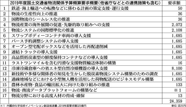 国土交通省が発表した2019年度予算の物流関係概算要求額は、各省庁との取り組みなども含め約244億円となった。戦略的イノベーション創造プログラム(SIP)の「スマート物流サービス」における物流・商流データプラットフォームの構築などを中心に...
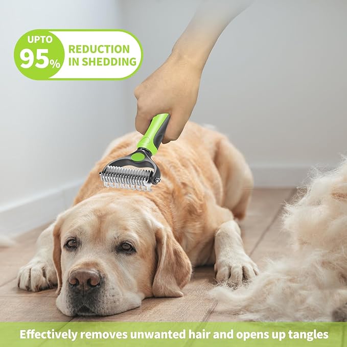 • 【Double sided design】 A double sided bottom fur rake for dogs will be your best choice, even for the longest and densest fur of dogs, cats, rabbits, and long haired pets. Perfect for removing stubborn mats, tangles, and knots, the other side is most suitable for thinning and removing loose hair.
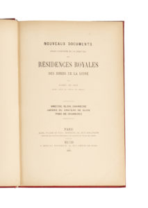CROŸ (Joseph de). — Nouveaux Documents pour l'histoire de la création des résidences royales des bords de la Loire […] Amboise, Blois, Chambord, Jardins du chateau de Blois, Parc de Chambord. — Paris, Alph. Picard et Fils, Éditeur, 1894, &...
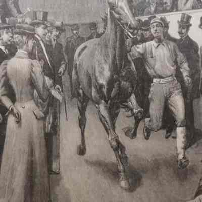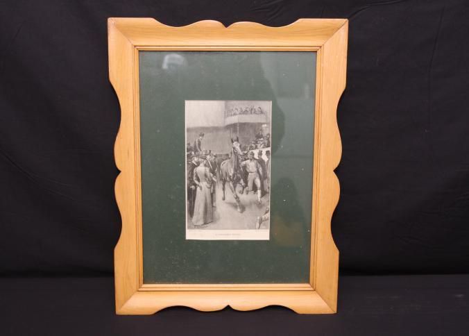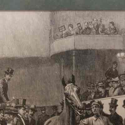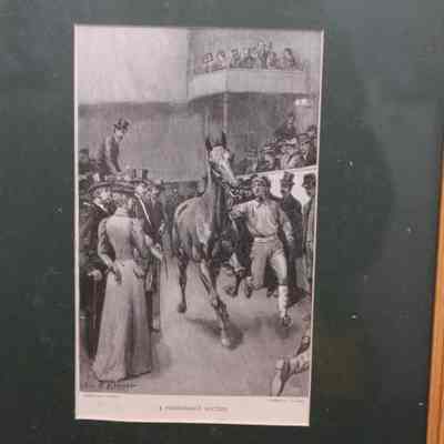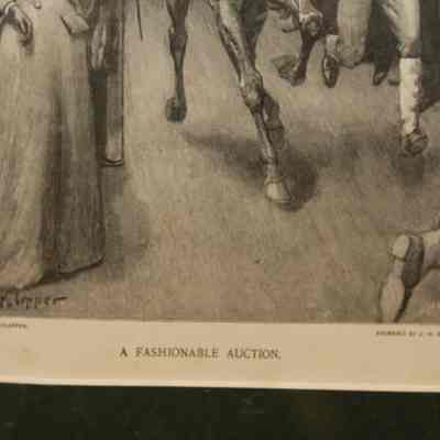 FR. 19THC ENGRAVING OF A HORSE AUCTION "A FASHIONABLE AUCTION". 5X8" FRAMED AND MATTED TO 14X17". GREAT DETAIL SHOWING THE HORSE HANDLER MOVING THE HORSE IN THE RING WHILE AUCTIONEER WITH HAMMER AND TOP HAT CONDUCTS AUCTION TO A WELL DRESSED VICTORIAN CROWD.Created By
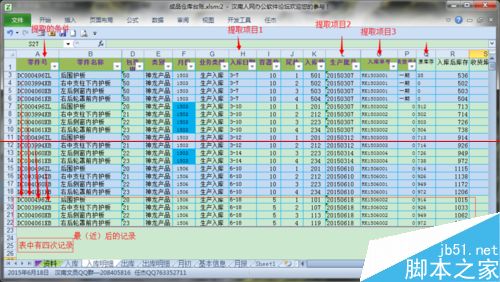 2、列出提取条件及项目:在sheet1中,将A列放置提取条件(即零件号)。在B、C、D、E列分别写上提取项目名称:入库日期、入库单号、最后生产批号、入库前库存数
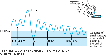 - 4. PEEP: With the addition of PEEP, the ventilator maintains positive airway pressure at the end of expiration even though net airflow is zero. PEEP increases alveolar ventilation by preventing small-airway collapse, thereby improving lung compliance and FRC. Increasing levels of PEEP are typically used in the care of hypoxemic patients who need FIO2 > 50%. With PEEP, FIO2 can be reduced and O2 toxicity limited. PEEP
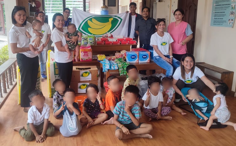 Today we had more visitors, first was a group from the Tadeco/Anflo company, who export bananas to many countries. They donated gifts for the children as well as essential items for Angel House, including plenty of bananas! They also provided a delicious Jollibee meal for all the children and staff.
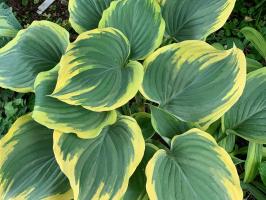 L, листья с сине-зеленым центром и широкой желтой каймой, сердцевидные, плотные
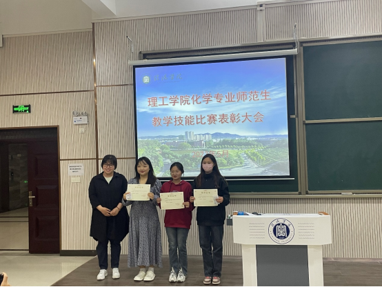 为表彰先进,树立典型,5月22日,化学教研室在实训中心104隆重举行了第三届师范生教学技能比赛颁奖仪式。该仪式由马艳梅老师主持,化学教研室全体教师及2020级化学专业学生参加。
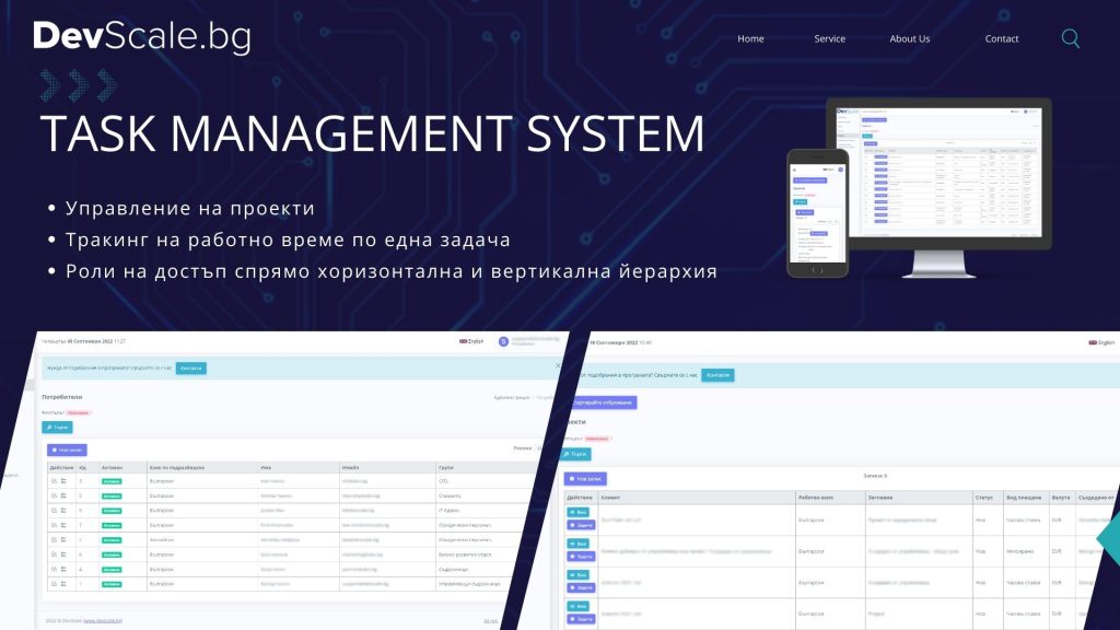 - Task Management System – персонализирано решение за управление на задачи и отчитане на работния процес. Целта на системата е да осигури по-ясна проследимост в работните задачи на всички служители в дружеството. Това се случва с различни нива на достъп и роли в системата. През системата могат да бъдат генерирани отчети и протоколи за работа по даден проект, които да бъдат предоставяни на клиентите.
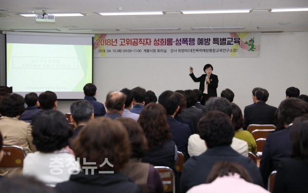 충남 계룡시(시장 최홍묵)는 지난 10일 시청 회의실에서 계룡시 고위공직자 등 100여명의 공무원이 참석한 가운데 성희롱‧성폭력예방 특별교육을 실시했다고 밝혔다.
------
* _Work order_
A word-for-word copy of all the data, without pictures, is the expected output.

* _Answer section_
 国土交通省が発表した2019年度予算の物流関係概算要求額は、各省庁との取り組みなども含め約244億円となった。戦略的イノベーション創造プログラム(SIP)の「スマート物流サービス」における物流・商流データプラットフォームの構築などを中心に...
 • 【Double sided design】 A double sided bottom fur rake for dogs will be your best choice, even for the longest and densest fur of dogs, cats, rabbits, and long haired pets. Perfect for removing stubborn mats, tangles, and knots, the other side is most suitable for thinning and removing loose hair.
CROŸ (Joseph de). — Nouveaux Documents pour l'histoire de la création des résidences royales des bords de la Loire […] Amboise, Blois, Chambord, Jardins du chateau de Blois, Parc de Chambord. — Paris, Alph. Picard et Fils, Éditeur, 1894, &...
 FR. 19THC ENGRAVING OF A HORSE AUCTION "A FASHIONABLE AUCTION". 5X8" FRAMED AND MATTED TO 14X17". GREAT DETAIL SHOWING THE HORSE HANDLER MOVING THE HORSE IN THE RING WHILE AUCTIONEER WITH HAMMER AND TOP HAT CONDUCTS AUCTION TO A WELL DRESSED VICTORIAN CROWD.Created By
 2、列出提取条件及项目:在sheet1中,将A列放置提取条件(即零件号)。在B、C、D、E列分别写上提取项目名称:入库日期、入库单号、最后生产批号、入库前库存数
 - 4. PEEP: With the addition of PEEP, the ventilator maintains positive airway pressure at the end of expiration even though net airflow is zero. PEEP increases alveolar ventilation by preventing small-airway collapse, thereby improving lung compliance and FRC. Increasing levels of PEEP are typically used in the care of hypoxemic patients who need FIO2 > 50%. With PEEP, FIO2 can be reduced and O2 toxicity limited. PEEP
 Today we had more visitors, first was a group from the Tadeco/Anflo company, who export bananas to many countries. They donated gifts for the children as well as essential items for Angel House, including plenty of bananas! They also provided a delicious Jollibee meal for all the children and staff.
 L, листья с сине-зеленым центром и широкой желтой каймой, сердцевидные, плотные
 为表彰先进,树立典型,5月22日,化学教研室在实训中心104隆重举行了第三届师范生教学技能比赛颁奖仪式。该仪式由马艳梅老师主持,化学教研室全体教师及2020级化学专业学生参加。
 - Task Management System – персонализирано решение за управление на задачи и отчитане на работния процес. Целта на системата е да осигури по-ясна проследимост в работните задачи на всички служители в дружеството. Това се случва с различни нива на достъп и роли в системата. През системата могат да бъдат генерирани отчети и протоколи за работа по даден проект, които да бъдат предоставяни на клиентите.
 충남 계룡시(시장 최홍묵)는 지난 10일 시청 회의실에서 계룡시 고위공직자 등 100여명의 공무원이 참석한 가운데 성희롱‧성폭력예방 특별교육을 실시했다고 밝혔다.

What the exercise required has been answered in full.